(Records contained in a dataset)
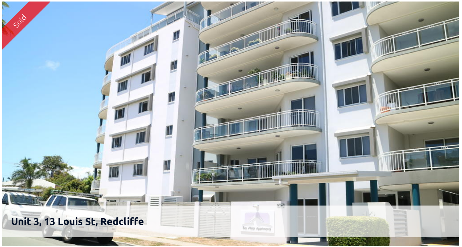
Unit 3, 13 Louis St, Redcliffe
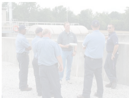
The Aqua-Aerobic Customer Response Center is now open 24/7.

LOVES PARK, Ill. — The Aqua-Aerobic Customer Response Center is there for you from process start-up to aftermarket products and services, providing complete plant assistance with a professional staff. Whether it's an emergency requiring a service technician on-site, a replacement part shipped overnight, or technical support via phone or email, Aqua-Aerobic's national network of service staff and product distributors ensures prompt and reliable assistance when you need it.
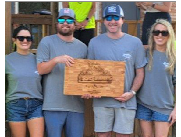
3rd Place Amateur– Bo Boys BBQ
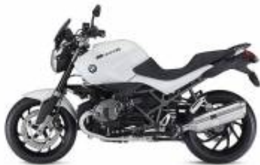
R 1200 R + $719.86
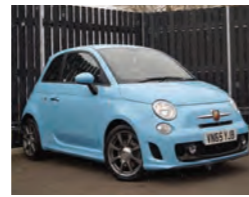
2015 Abarth 595 1.4 T-Jet, VN65 YJB, Legends Blue, 12,500 miles, £10,250. 8-Spoke Anthracite Alloy Wheels, Air Conditioning, Electric Front Windows, Blue&Me, Radio/CD/MP3, Tinted Glass.
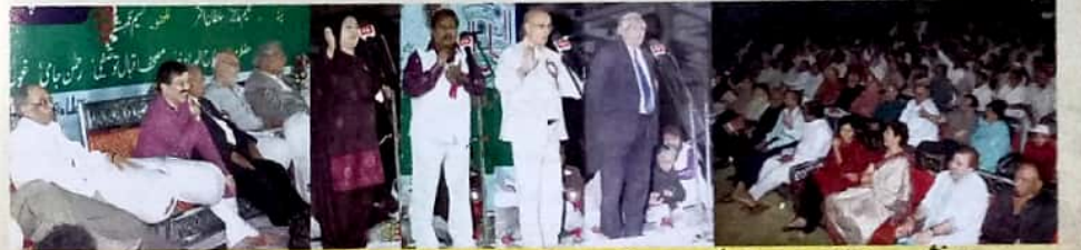
مولانا آزاد پبلسٹری اردو یونیورسٹی کے سبزوہ زار پر منعقدہ گل ہندو مشاعرہ کے میزبان پروفیسر اساتذہ پٹیل اور پروفیسر اساتذہ آندیشہ چیر پرین ناک اسٹریٹجی کینی اور دیگر شاعرانہ دستاویز
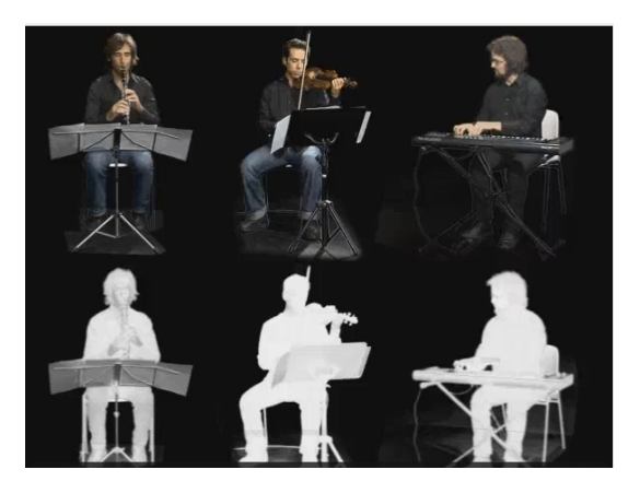
Figure 5: Video with mask sent via streaming.

*PROBLEM TO SOLVE:* The entries above need to be transcribed exactly, with the images left out.

*YOUR RESPONSE:*
Unit 3, 13 Louis St, Redcliffe
The Aqua-Aerobic Customer Response Center is now open 24/7.

LOVES PARK, Ill. — The Aqua-Aerobic Customer Response Center is there for you from process start-up to aftermarket products and services, providing complete plant assistance with a professional staff. Whether it's an emergency requiring a service technician on-site, a replacement part shipped overnight, or technical support via phone or email, Aqua-Aerobic's national network of service staff and product distributors ensures prompt and reliable assistance when you need it.
3rd Place Amateur– Bo Boys BBQ
R 1200 R + $719.86
2015 Abarth 595 1.4 T-Jet, VN65 YJB, Legends Blue, 12,500 miles, £10,250. 8-Spoke Anthracite Alloy Wheels, Air Conditioning, Electric Front Windows, Blue&Me, Radio/CD/MP3, Tinted Glass.
مولانا آزاد پبلسٹری اردو یونیورسٹی کے سبزوہ زار پر منعقدہ گل ہندو مشاعرہ کے میزبان پروفیسر اساتذہ پٹیل اور پروفیسر اساتذہ آندیشہ چیر پرین ناک اسٹریٹجی کینی اور دیگر شاعرانہ دستاویز
Figure 5: Video with mask sent via streaming.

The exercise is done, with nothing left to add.